▸ **DATASET SECTION**
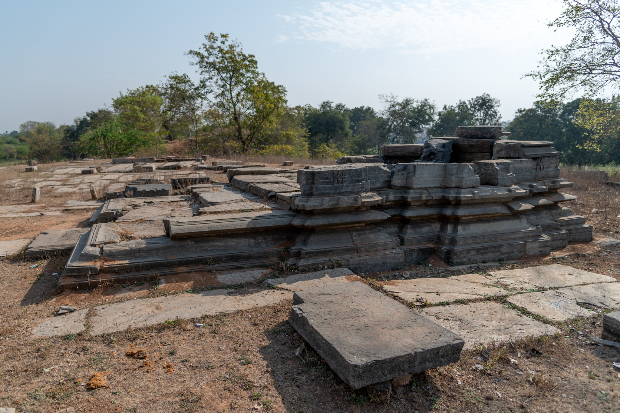 The remains of a triratha (three ratha or vertical projections on each side) single-shrine temple to the southwest of the Mandaleshwar Mahadev Temple. The ruined temple consists of only a garbhagriha (sanctum sanctorum) and a mandapa (pillared hall) in its plan. Only the plinth of the temple ruins has survived. The temple has a vedibandha (basal mouldings) consisting of mouldings like khura, kani, and kumbha.
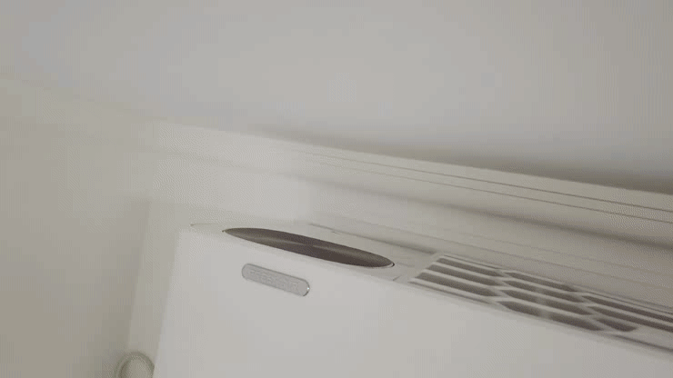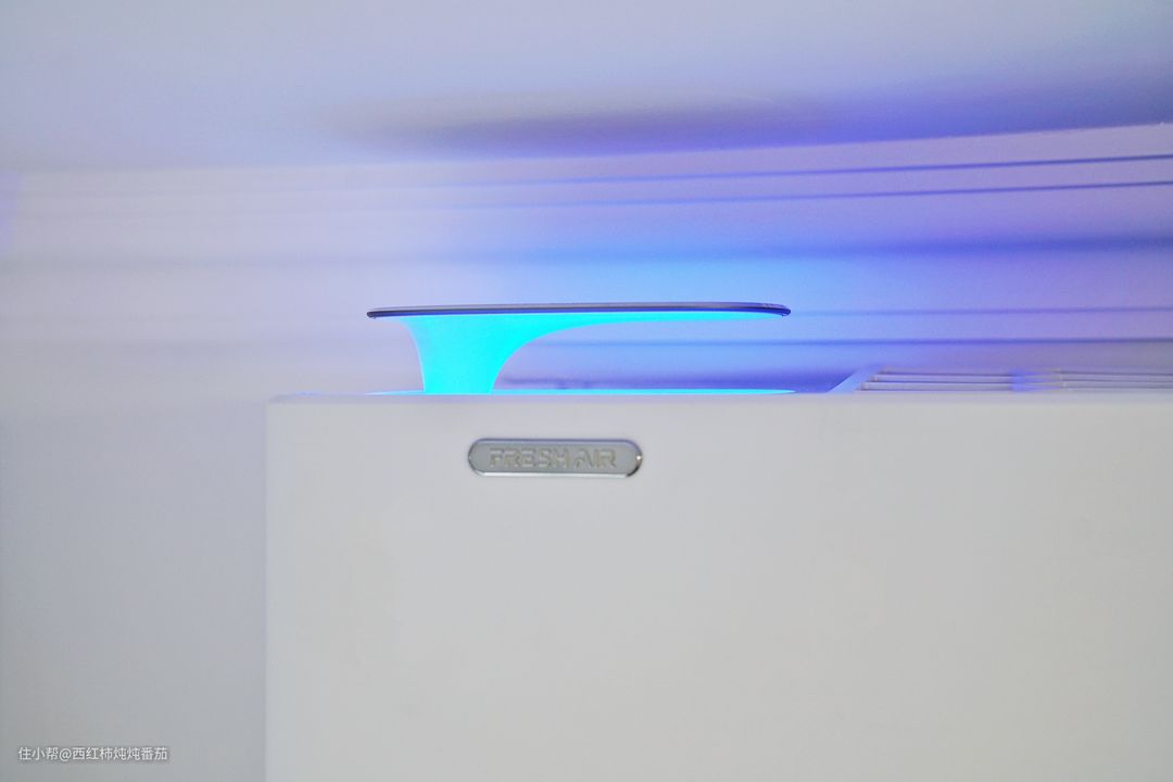 首先体验的就是这个“小蓝翼”。按下遥控上的“新风键”开启新风,小蓝翼会随着空调的打开自动缓缓升起,看起来非常梦幻 ▲
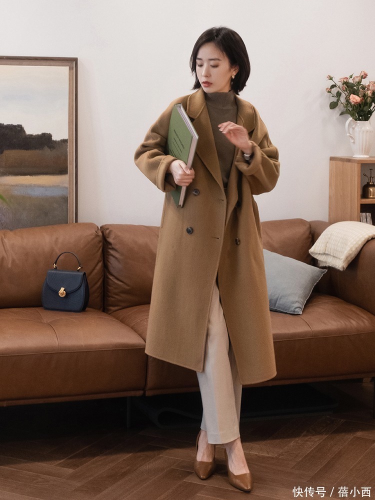驼色大衣内搭深咖色毛衣,这2件单品齐是属于地面色系。
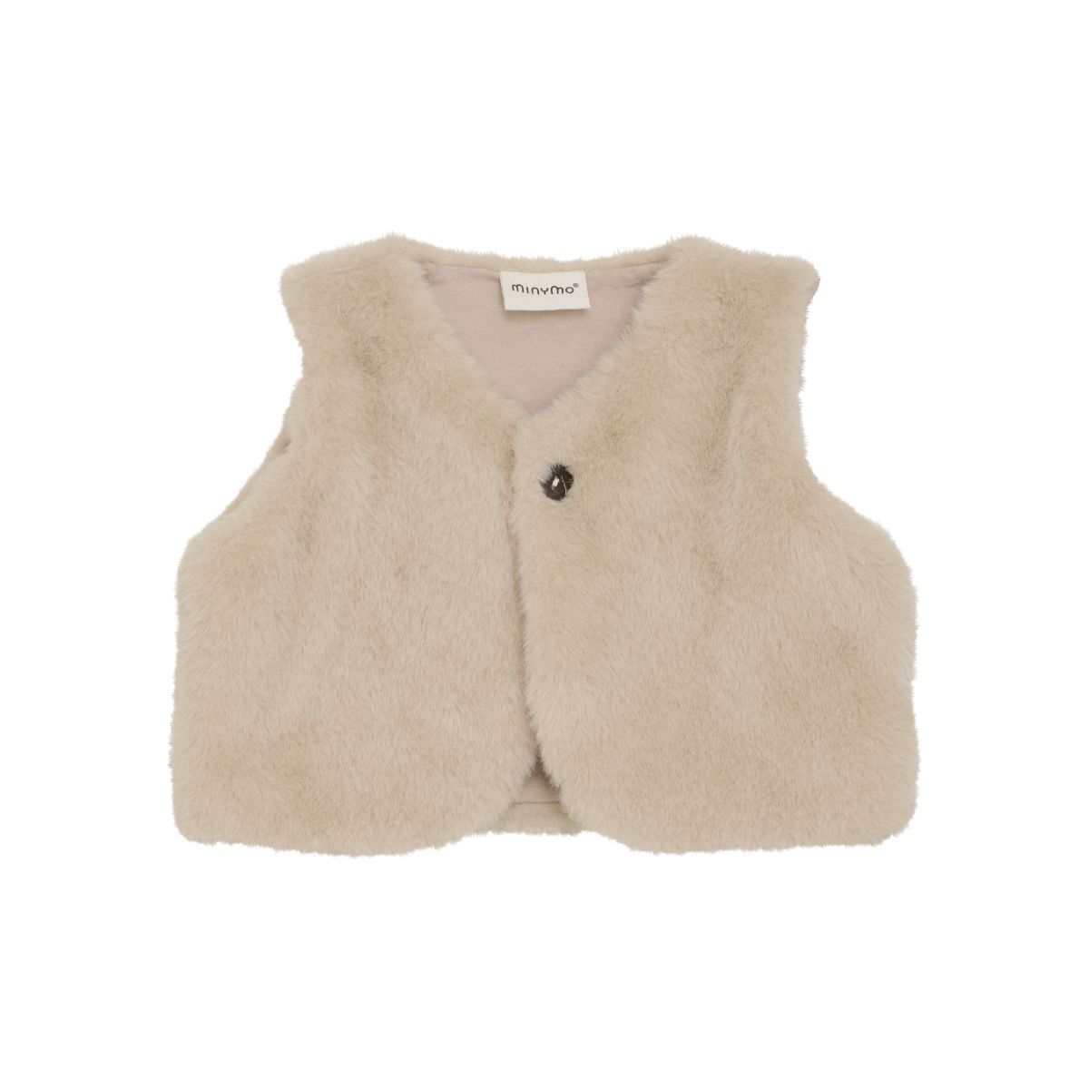 Stylish vest from Minymo. The vest has a cool faux fur look and is ideal for both dressy and casual occasions. It is made from 100% polyester, which makes it comfortable to wear. The vest features a decorative button, making it easy to put on and take off.

▸ **ACTION ITEM**
Whenever a line holds a picture, print that line without the picture. All other data must be output exactly.

▸ **EXPECTED ANSWER**
 The remains of a triratha (three ratha or vertical projections on each side) single-shrine temple to the southwest of the Mandaleshwar Mahadev Temple. The ruined temple consists of only a garbhagriha (sanctum sanctorum) and a mandapa (pillared hall) in its plan. Only the plinth of the temple ruins has survived. The temple has a vedibandha (basal mouldings) consisting of mouldings like khura, kani, and kumbha.
 首先体验的就是这个“小蓝翼”。按下遥控上的“新风键”开启新风,小蓝翼会随着空调的打开自动缓缓升起,看起来非常梦幻 ▲
驼色大衣内搭深咖色毛衣,这2件单品齐是属于地面色系。
 Stylish vest from Minymo. The vest has a cool faux fur look and is ideal for both dressy and casual occasions. It is made from 100% polyester, which makes it comfortable to wear. The vest features a decorative button, making it easy to put on and take off.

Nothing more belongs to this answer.